### WORK REQUEST
Copy out the data in full and exactly, passing over the pictures.

### PROVIDED DATA
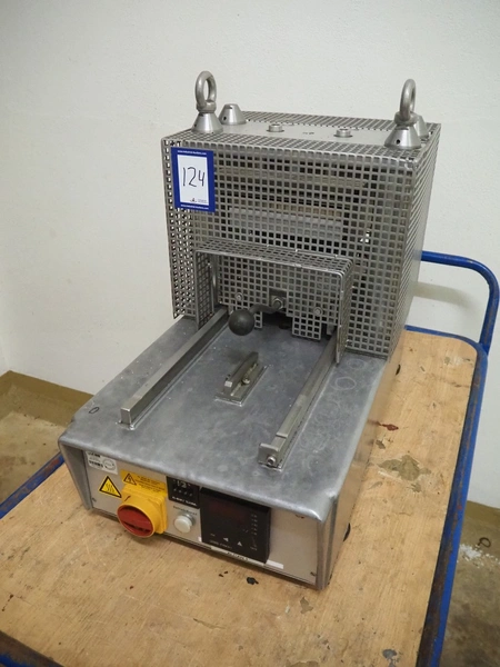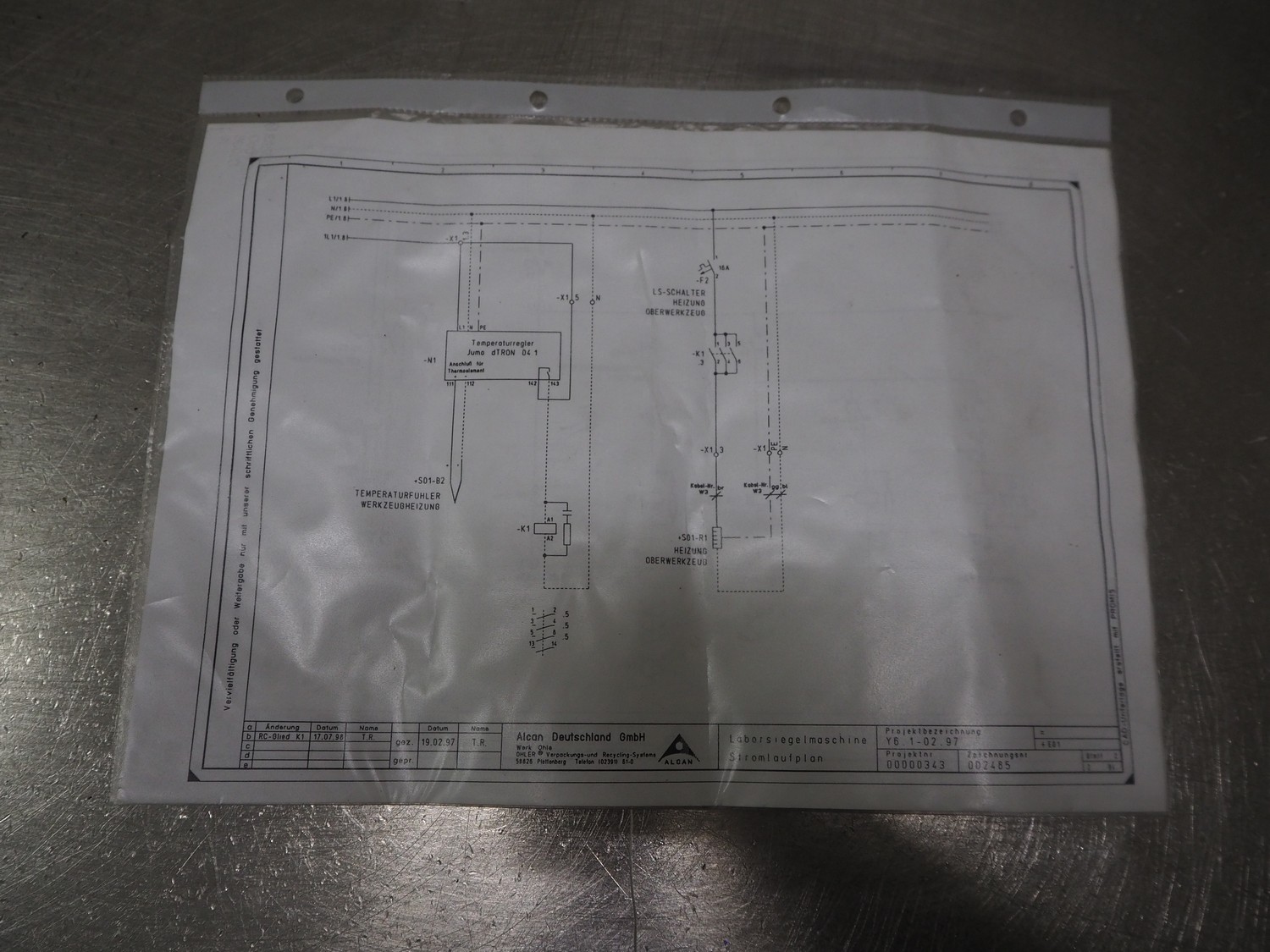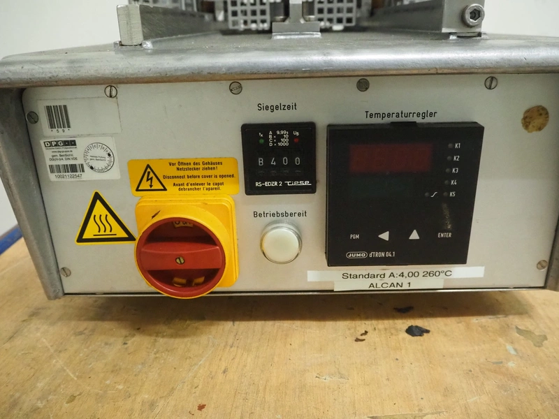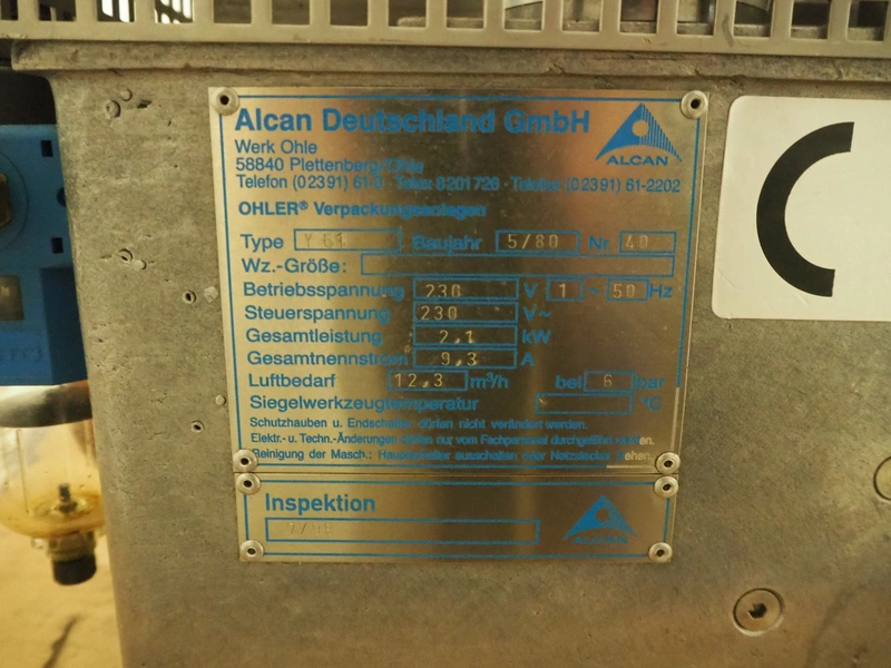 Alcan traysealer, type: Y61, number: 40, year of construction: 5/80, 230 V, 1 Ph, 50 Hz, 9.3 kW, 2.1 kW, dye: 148 mm x 100 mm, total dimensions: 410 mm x 700 mm x 640 mm.
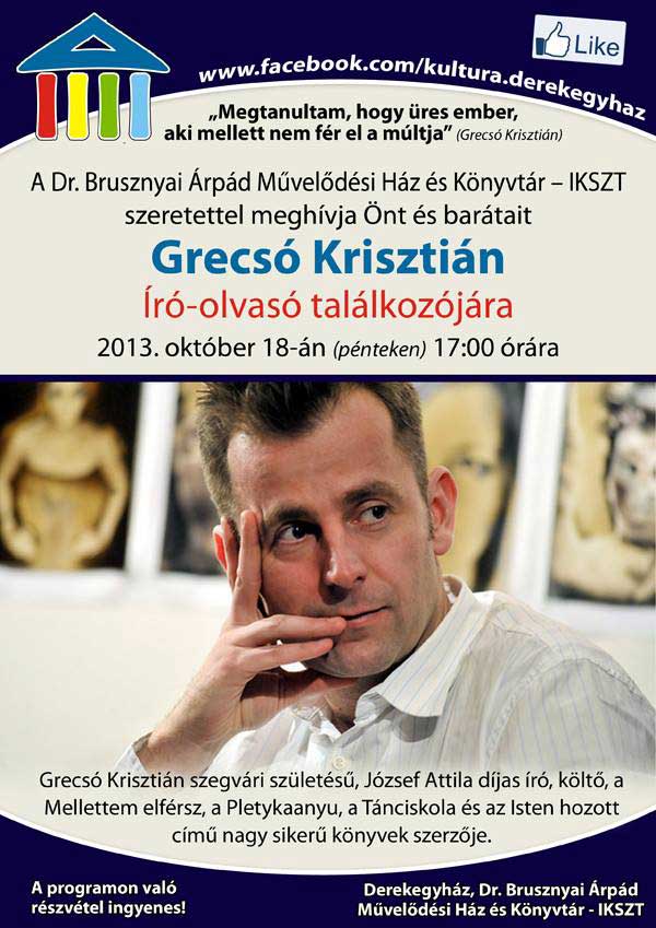 2013. október 18-án (pénteken) 17:00 órától Grecsó Krisztián, a Mellettem elférsz, a Pletykaanyu, a Tánciskola és az Isten hozott című nagy sikerű könyvek szerzője lesz vendégünk. A rendezvényre a belépés ingyenes! Helyszín: Derekegyház, Dr. Brusznyai Árpád Művelődési Ház és Könyvtár – IKSZT
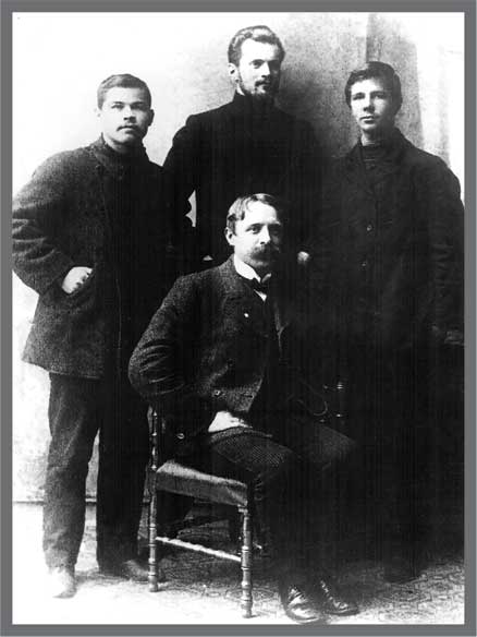 Сотрудники издательства «Помор». Сидит А. Эгеде-Ниссен, стоят слева направо: П. Ф. Гусев, Н. А. Шевелкин, А. С. Кучин. Вардё, 1906 г. (Из фондов МАМИ)
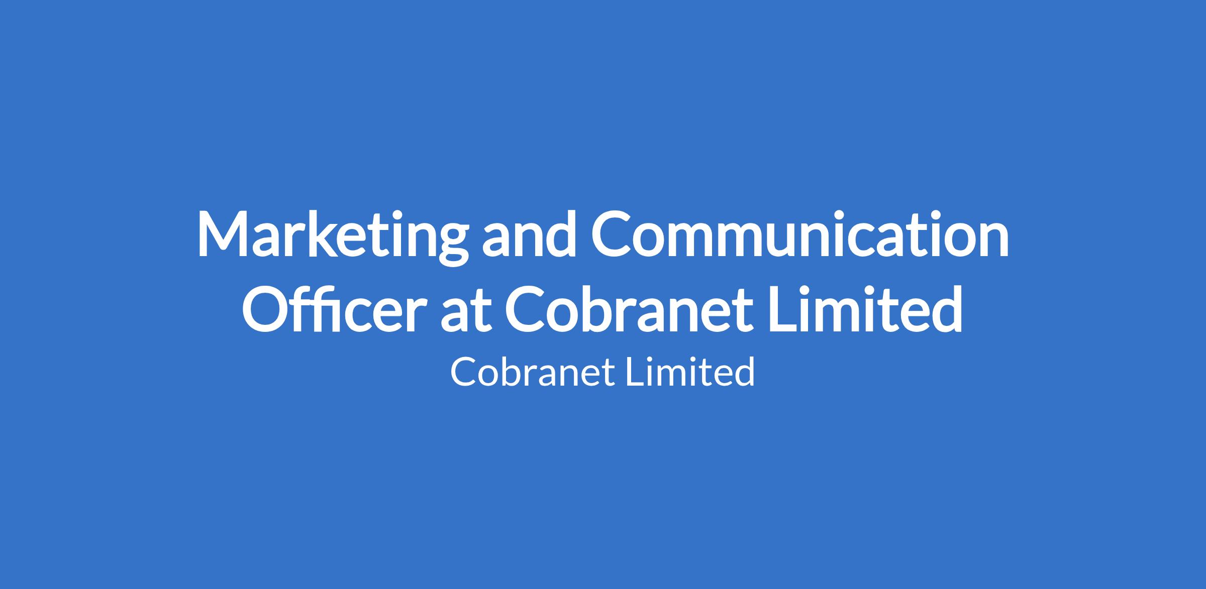 Minimum of 5 years Cognate Experience as a Marketing and Communication Officer is a MUST. Experience in an ISP is an added advantage.

### EXPECTED ANSWER
 Alcan traysealer, type: Y61, number: 40, year of construction: 5/80, 230 V, 1 Ph, 50 Hz, 9.3 kW, 2.1 kW, dye: 148 mm x 100 mm, total dimensions: 410 mm x 700 mm x 640 mm.
 2013. október 18-án (pénteken) 17:00 órától Grecsó Krisztián, a Mellettem elférsz, a Pletykaanyu, a Tánciskola és az Isten hozott című nagy sikerű könyvek szerzője lesz vendégünk. A rendezvényre a belépés ingyenes! Helyszín: Derekegyház, Dr. Brusznyai Árpád Művelődési Ház és Könyvtár – IKSZT
 Сотрудники издательства «Помор». Сидит А. Эгеде-Ниссен, стоят слева направо: П. Ф. Гусев, Н. А. Шевелкин, А. С. Кучин. Вардё, 1906 г. (Из фондов МАМИ)
 Minimum of 5 years Cognate Experience as a Marketing and Communication Officer is a MUST. Experience in an ISP is an added advantage.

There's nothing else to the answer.